Syria Must Stop Stalling Hariri Probe, Ambassador Bolton Says
22 November 2005
U.N. Security Council demands full and immediate cooperation
By Judy Aita
Washington File United Nations Correspondent
United Nations -- Syria must stop "delaying and obstructing" the work of the international commission investigating the assassination of former Lebanese Prime Minister Rafiq Hariri, U.S. Ambassador John Bolton said November 22.
The Security Council resolution "demands full and immediate Syrian cooperation," Bolton said. "It does not give the Syrians leave to negotiate or ask for mediators or others to deal with Mehlis."
The investigation by Detlev Mehlis, head of the U.N. International Independent Investigation Commission, has implicated both Lebanese and Syrian high-ranking officials in the murder of Hariri and 20 others on February 14. (See related article.)
Syria has asked Secretary-General Kofi Annan to help with an agreement with the commission, but Annan said November 21 that he would not get involved in the investigation.
In a report delivered to Annan October 20, the international commission reported that Syria's failure to cooperate had hampered its work. It said that Syrian authorities cooperated in form but not substance and that several officials tried to mislead the commission with false or inaccurate information. Mehlis wants to interview Syrian citizens outside the country and without the presence of Syrian officials in any interview.
A ministerial-level meeting of the Security Council subsequently unanimously adopted a tough resolution (U.N. Security Council Resolution 1636) requiring unconditional cooperation from Damascus with the commission's search for the perpetrators of the bombing in Lebanon that claimed the life of Hariri and others.
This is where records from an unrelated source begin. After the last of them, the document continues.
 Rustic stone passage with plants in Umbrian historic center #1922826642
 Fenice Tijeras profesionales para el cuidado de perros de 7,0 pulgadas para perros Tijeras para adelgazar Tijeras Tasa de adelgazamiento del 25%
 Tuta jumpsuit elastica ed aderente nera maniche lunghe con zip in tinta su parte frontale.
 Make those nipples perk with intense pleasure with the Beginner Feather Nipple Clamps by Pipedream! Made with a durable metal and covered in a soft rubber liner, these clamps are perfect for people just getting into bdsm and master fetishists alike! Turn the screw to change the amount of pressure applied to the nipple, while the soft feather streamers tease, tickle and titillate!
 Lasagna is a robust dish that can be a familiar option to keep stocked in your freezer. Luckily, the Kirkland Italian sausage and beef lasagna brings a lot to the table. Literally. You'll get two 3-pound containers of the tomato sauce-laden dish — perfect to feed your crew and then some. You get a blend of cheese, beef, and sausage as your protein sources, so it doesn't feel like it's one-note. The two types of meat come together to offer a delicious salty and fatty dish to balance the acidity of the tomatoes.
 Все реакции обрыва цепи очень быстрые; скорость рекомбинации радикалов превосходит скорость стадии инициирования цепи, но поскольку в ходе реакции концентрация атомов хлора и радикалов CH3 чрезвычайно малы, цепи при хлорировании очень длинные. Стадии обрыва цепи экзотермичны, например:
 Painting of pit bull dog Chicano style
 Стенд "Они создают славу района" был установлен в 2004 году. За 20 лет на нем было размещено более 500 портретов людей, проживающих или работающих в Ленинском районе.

The commission's mandate is due to expire on December 15.
Talking with reporters at U.N. headquarters, Bolton said he is waiting for Mehlis to tell the Security Council whether Syria has agreed to cooperate. "Syrian efforts to get other people involved in the negotiations do not constitute full and immediate cooperation," he said.
"We support Mehlis' investigation efforts and we're not going to second guess his techniques or his tactics, but we are going to say clearly to the Syrians that they need to stop delaying and obstructing Mehlis' work and December 15 is getting closer every day and the Syrians know it, too," Bolton said.
Syrian officials will "write to this person, write to that person, they'll write to anybody on their Rolodex," the ambassador said. "What we want is for them to make witnesses available to Mehlis."
Bolton said that Mehlis, along with the commission, "is the vehicle we want ... is the Security Council's instrument." Syria should cooperate with Mehlis and not look to involve other people as a way to continue its "pattern of obstruction," he said.
"We want the Syrians to comply with their obligations under resolution 1636," the ambassador said.